Exercise description. Print verbatim the lines from the beginning of the entries through the line containing "10月3日、5年生・総合「稲刈り」 公開日 2025/10/03", both ends included. Pictures should be left out.
----- Data -----
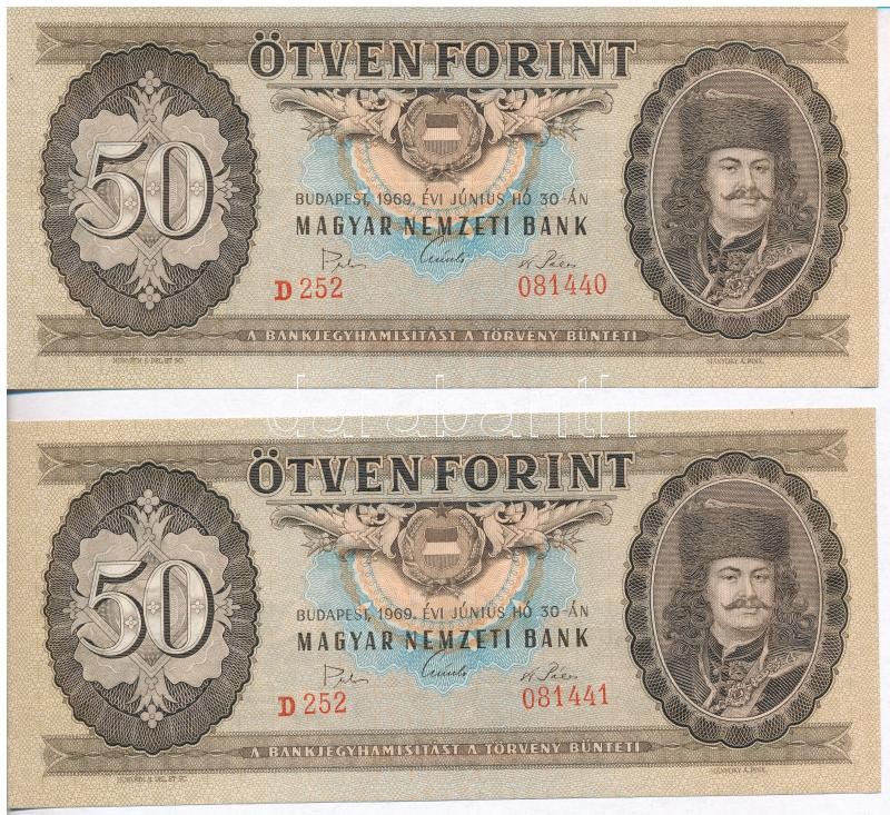1969. 50Ft (2x) sorszámkövetők, nyomdai papírránc T:I
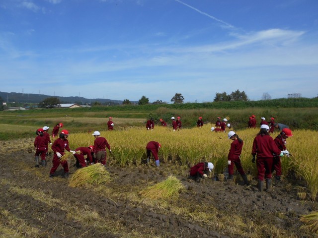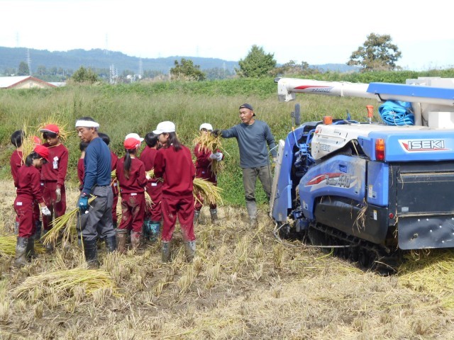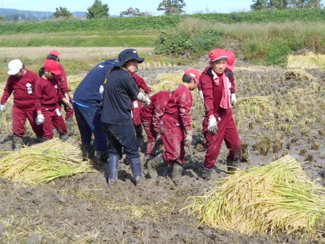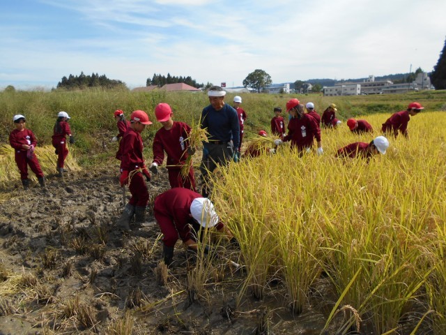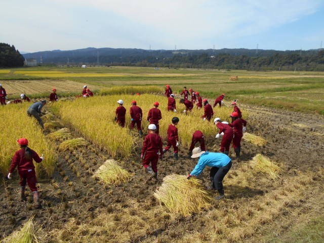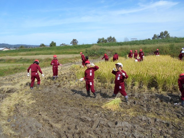 10月3日、5年生・総合「稲刈り」 公開日 2025/10/03 更新日 2025/10/03 お知らせ 5年生待望の稲刈りです。雨の影響で昨日から今日に順延となり、いざ田んぼへ。予想以上にぬかるんだ状態での稲刈りになりました。田んぼに足を取られたり、尻もち着いたりする5年生ですが、稲刈りを最後まで頑張り無事収穫完了しました。めったにない泥だらけの稲刈りになりましたが、頑張った分だけ収穫祭を楽しみたいですね。お疲れ様! +4
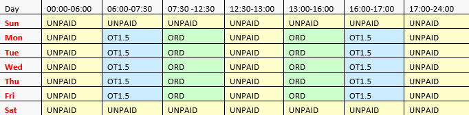 If multiple consecutive time periods for the same pay item exits on the one day, you can use multiple ABBBBCCCC blocks or concatenate into a single block with appropriate start and end times.
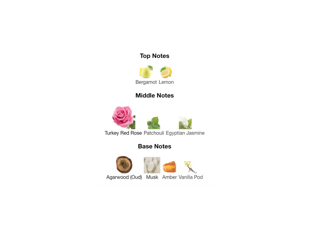 Základné tóny tvoria agarové drevo (oud), pižmo, ambra a vanilkový struk. Tento základ dodáva vôni hrejivý, zmyselný a dlhotrvajúci záver, v ktorom sa spája sladkosť vanilky s tajomnosťou oudu a jemnou zemitosťou pižma.
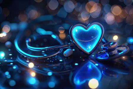 Heart shaped stethoscope glowing with blue light on a reflective surface surrounded by a bokeh effect of colorful lights
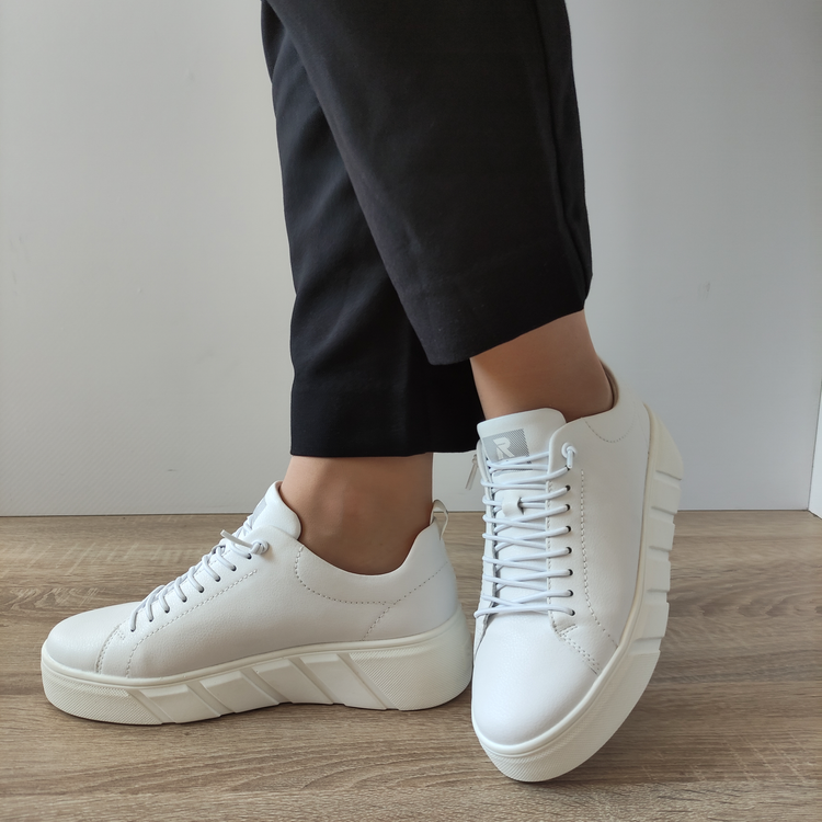 Adaugă un plus de stil garderobei tale cu pantofii sport pentru damă RIEKER W0500-81. Acest model modern și elegant, realizat din piele naturală de înaltă calitate, se remarcă prin designul său minimalist și culoarea albă versatilă. Pantofii au o construcție robustă, dar ușoară, asigurând confort și durabilitate pentru utilizare zilnică.
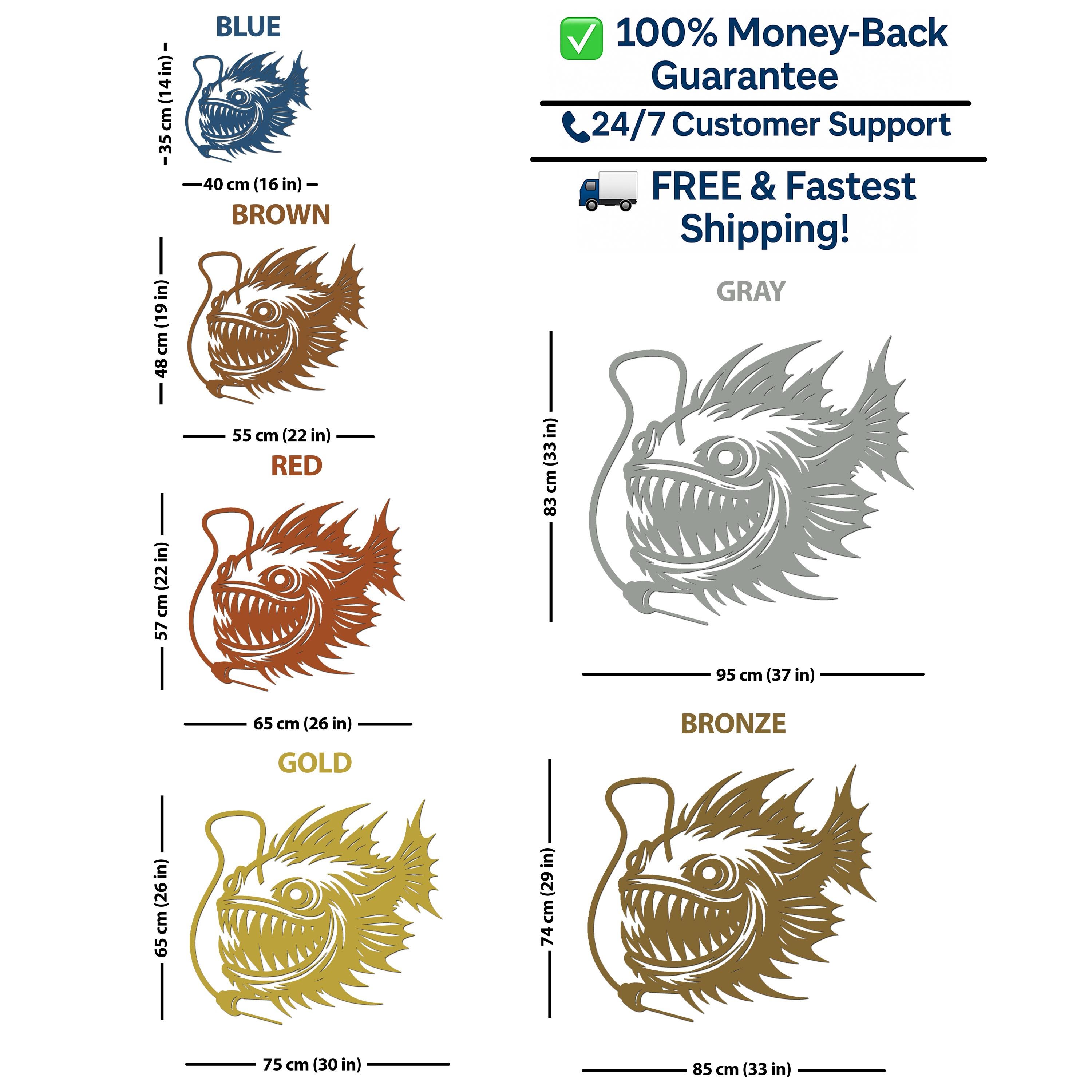 Anglerfish Metal Wall Art: Deep Sea Fish Wall Decor
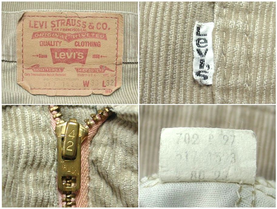 1980年代製 Levi's 517 ブーツカット コーデュロイパンツです。MADE IN USA カラーはベージュでジッパーはTALON42製になります。着用感はありますが、特に目立ったダメージはありません。
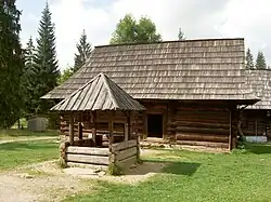 - Die Straße in der oberen Orava: Die Hauptstraße eines Dorfes mit aneinandergereihten Häusern aus der Zeit der Kolonisierung der Walachei.
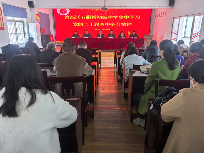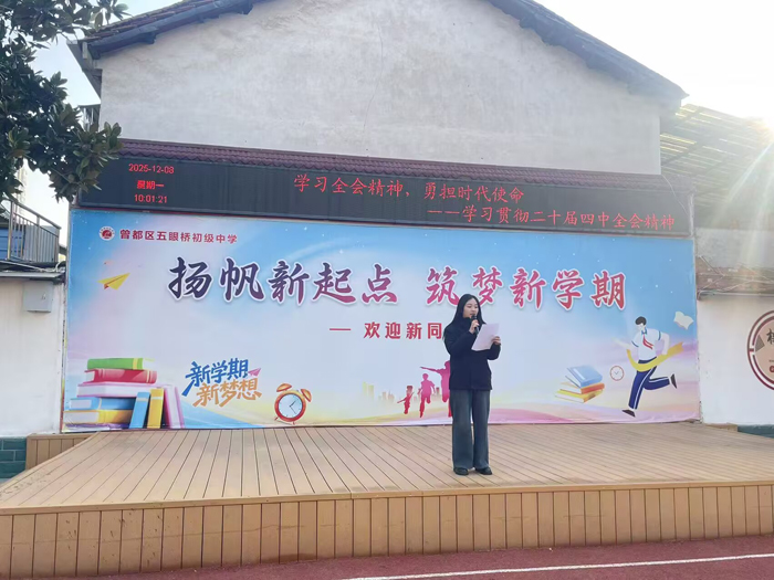 随州新闻网讯 (通讯员毛三鑫)为深入学习宣传贯彻党的二十届四中全会精神,切实把全校师生的思想和行动统一到全会精神上来,把智慧和力量凝聚到实现全会确定的各项目标任务上来,五眼桥初级中学近期精心组织开展了一系列内容丰富、形式多样的学习宣传活动,在校园内迅速掀起学习热潮,为学校高质量发展注入强劲思想动力。
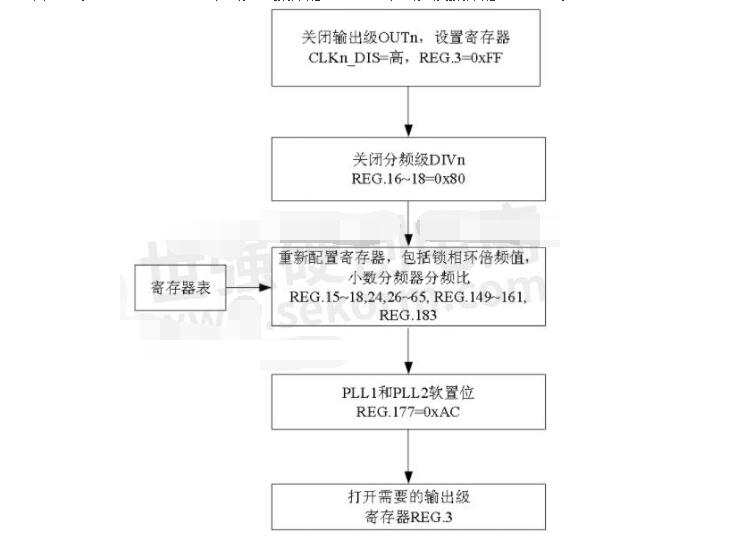 (2)根據(jù)實(shí)際需求頻率調(diào)整寄存器配置,例如在得知實(shí)際晶振為25.00172M時,需要輸出200M的精確頻率時,通過公式推出,所需的倍頻值為200M/25.00172M=7.99945。只需在寄存器進(jìn)行配置,可以使輸出頻率更接近200M。同理適用于其他在規(guī)格書范圍內(nèi)的輸出頻率。
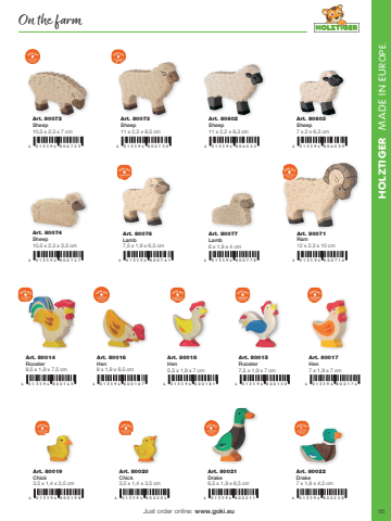 55HOLZTIGER MADE IN EUROPE.4 0 1 3 5 9 4 800 7 6 1 4 0 1 3 5 9 4 800 7 1 64 0 1 3 5 9 4 800 1 9 84 0 1 3 5 9 4 800 1 4 3 4 0 1 3 5 9 4 800 1 6 7 4 0 1 3 5 9 4 800 1 8 1 4 0 1 3 5 9 4 800 1 5 0 4 0 1 3 5 9 4 800 1744 0 1 3 5 9 4 800 7 2 34 0 1 3 5 9 4 800 7 7 84 0 1 3 5 9 4 800 2 0 44 0 1 3 5 9 4 800 7 3 0 4 0 1 3 5 9 4 8060 2 2 4 0 1 3 5 9 4 80603 94 0 1 3 5 9 4 800 2114 0 1 3 5 9 4 800 7474 0 1 3 5 9 4 800 2 2 8Just order online: www.goki.euArt. 80071 Ram12 x 2,3 x 10 cmArt. 80072Sheep 10,5 x 2,3 x 7 cmArt. 80073 Sheep 11 x 2,3 x 8,5 cmArt. 80602 Sheep 11 x 2,2 x 8,3 cmArt. 80603 Sheep 7 x 2 x 6,5 cmArt. 80074 Sheep 10,5 x 2,3 x 5,5 cmArt. 80076 Lamb7,5 x 1,9 x 6,5 cmArt. 80014 Rooster8,5 x 1,9 x 7,5 cmArt. 80016 Hen8 x 1,9 x 6,5 cmArt. 80077Lamb6 x 1,9 x 4 cmArt. 80018Hen5,5 x 1,9 x 7 cmArt. 80017Hen7 x 1,9 x 7 cmArt. 80015Rooster 7,5 x 1,9 x 7 cmArt. 80019 Chick3,5 x 1,4 x 3,5 cmArt. 80020 Chick3,5 x 1,4 x 3,5 cmArt. 80021Drake 6,5 x 1,9 x 6,5 cmArt. 80022Drake 7 x 1,9 x 4,5 cmOn the farm
-----
Solution for this problem.
1969. 50Ft (2x) sorszámkövetők, nyomdai papírránc T:I
 10月3日、5年生・総合「稲刈り」 公開日 2025/10/03 更新日 2025/10/03 お知らせ 5年生待望の稲刈りです。雨の影響で昨日から今日に順延となり、いざ田んぼへ。予想以上にぬかるんだ状態での稲刈りになりました。田んぼに足を取られたり、尻もち着いたりする5年生ですが、稲刈りを最後まで頑張り無事収穫完了しました。めったにない泥だらけの稲刈りになりましたが、頑張った分だけ収穫祭を楽しみたいですね。お疲れ様! +4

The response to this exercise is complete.